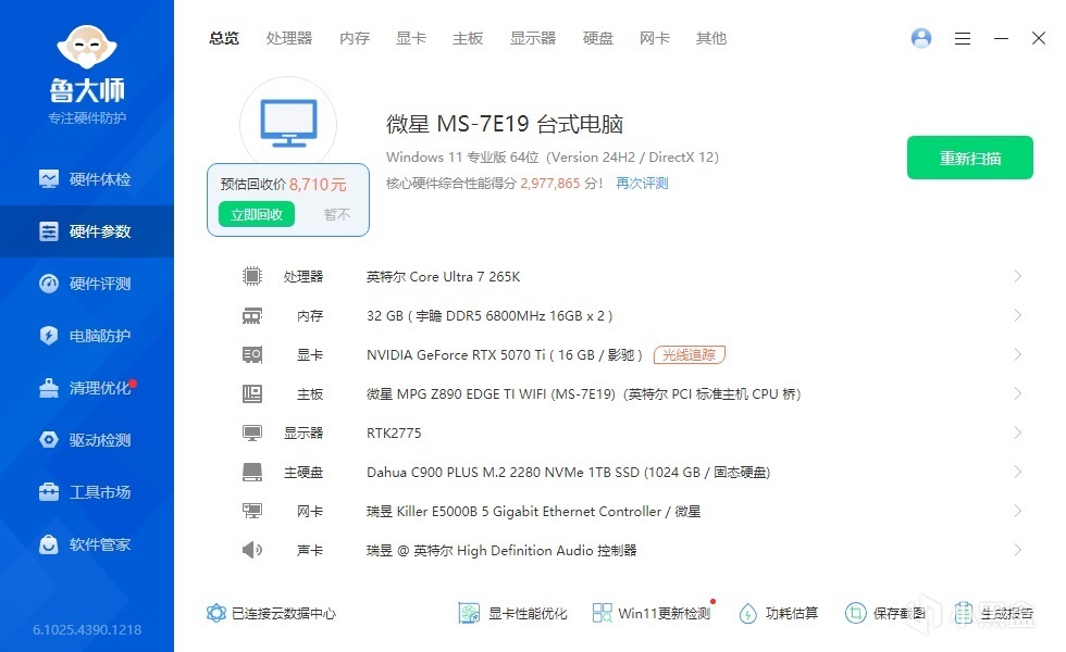 ▼整機配置一覽,處理器是265K,主板是微星的Z890刀鋒鈦,顯卡是影馳的RTX 5070 Ti星曜,整機配置很高。
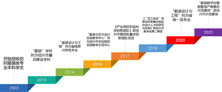 l 《服装设计与工程》专业是浙江省新兴特色建设专业、浙江省本科一流专业建设点,《服装学科》为绍兴市重点学科、服装数字化智能智造为绍兴市产教融合示范基地
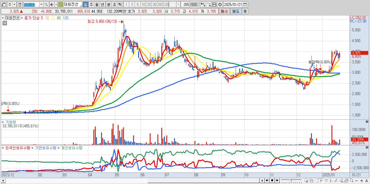 - 대원전선 (3,925원 ▲ 6.8% , 시총: 2,943억, 거래량: 33,705,011, 거래대금:1,322억)
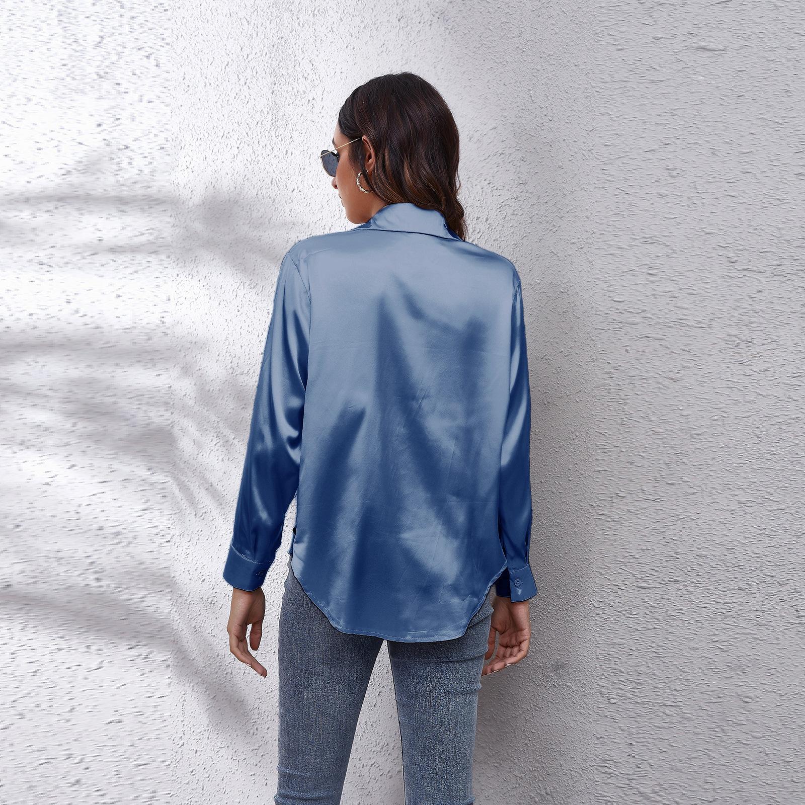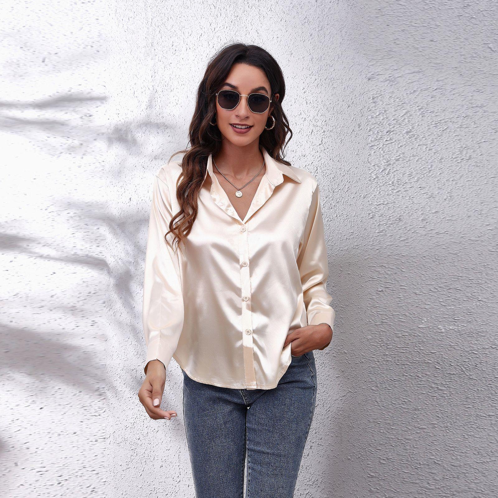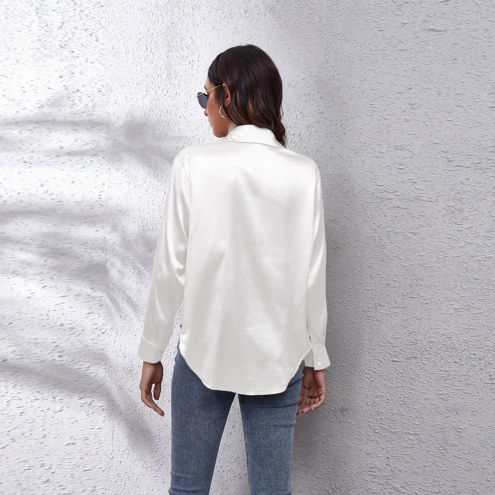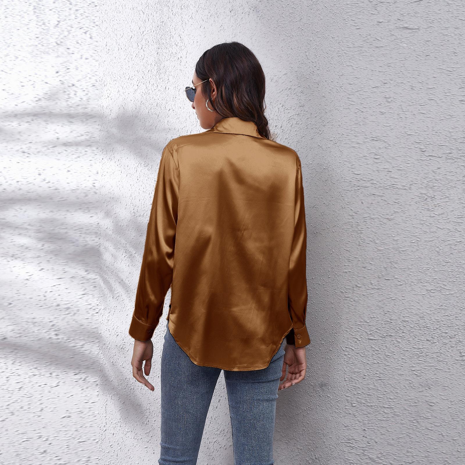 Camisa de Satén Popular de Tiro Real para Mujer Camisa de Satén Imitación Seda de Manga Larga Nueva Exportación Europea y Americana Ropa de Mujer Transfronteriza

### EXERCISE AIM
The lines from the one containing "- 대원전선 (3,925원" through the last line of the data above are to be transcribed exactly, both included, with all pictures left out.

### WRITTEN SOLUTION
 - 대원전선 (3,925원 ▲ 6.8% , 시총: 2,943억, 거래량: 33,705,011, 거래대금:1,322억)
 Camisa de Satén Popular de Tiro Real para Mujer Camisa de Satén Imitación Seda de Manga Larga Nueva Exportación Europea y Americana Ropa de Mujer Transfronteriza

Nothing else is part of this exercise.